Problem Nr. 2: Auch wenn das gemockte Objekt hierhin delegiert wurde, instantiert die Methode ja trotzdem ein "echtes" BenchmarkTask Objekt. 

Kann man in diesem Fall denn überhaupt mocken? Und wenn ja, wie?

Hoffe ich habe es verständlich genug gemacht und bedanke mich im Voraus.


----------



## Gelöschtes Mitglied 6946 (21. Okt 2011)

Variante 2 bringt dir gar nichts, da du die übergebene Referenz sofort überschreibst, das dahinterliegende Objekt wird also gar nicht weiter angefasst von deinem Benchmark.

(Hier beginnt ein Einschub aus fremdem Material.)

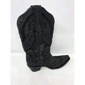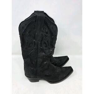 JB Dillon Reserve Womens Cowgirl Leather Boot Black Sequin Poppy Sz 7.5B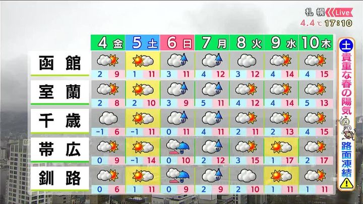 4日(金)の札幌の朝昼晩の天気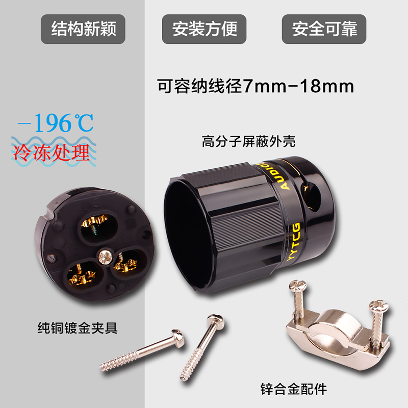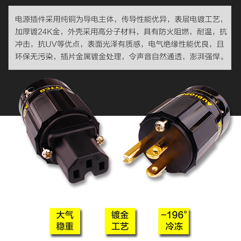 Fever American power cord plug tail plug 4N pure copper gilded American socket sound CD machine power amplifier accessories

Du könntest das Problem damit umgehen, dass du eine Factory für BenchmarkTasks anlegst, die du wiederum an den Benchmark übergibst und diese könntest du in ein Mock packen und wiederum einen Mock von BenchmarkTask herauszugeben. Aber das ist im Grunde übertriebene Komplexität für das, was du machst.

Für mich stellt sich ein wenig die Frage, wo denn ein Ergebnis herauskommt aus deinem Programm. Der Benchmark sollte ein Ergebnis liefern und dieses sollte zurückgegeben werden oder anderweitig zugreifbar sein. Dann könntest du schonmal testen, dass etwas korrektes rauskommt. Darüber hinaus wäre ein Konstruktor, der bereits eine fertige taskDescription bekommt, sehr schön, denn für einen Test erst zwangsläufig aus einer Datei lesen zu müssen, ist vielleicht auch nicht das Wahre (bzw. man könnte es getrennt voneinander testen). Wenn du schließlich eine definierte Eingabe hast und eine prüfbare Ausgabe bekommst, dann ist es auch nicht mehr schlimm, dass du den BenchmarkTask nicht mocken kannst, da das sowieso versteckt ist. Zwar testest du diese Klasse dann implizit mit (was einem Unit-Test etwas wiederspricht), aber ich sehe auf die Schnelle auch keine andere Möglichkeit.


----------



## dodik4711 (21. Okt 2011)

ex'ratt hat gesagt.:


> Zwar testest du diese Klasse dann implizit mit (was einem Unit-Test etwas wiederspricht)...



Genau das ist mein Dilemma. Ich muss öfters UnitTests für fremde Klassen schreiben, die ich meistens nicht verändern darf/will.
Sobald dort aber eine Methode enthalten ist, die selbstständig ein fremdes Objekt instantiiert, lässt sich kein "sauberer" bzw. "isolierter" UnitTest durchführen, da man dieses fremde Objekt nicht mocken kann.

Etwas naiv habe ich auf einen schönen Zaubertrick gehofft. ^^

Aber trotzdem danke für die Antwort.

Edit: 
Habe mir ein paar andere Frameworks fürs mocking angeschaut und PowerMock scheint
Konstruktoren mocken zu können.


----------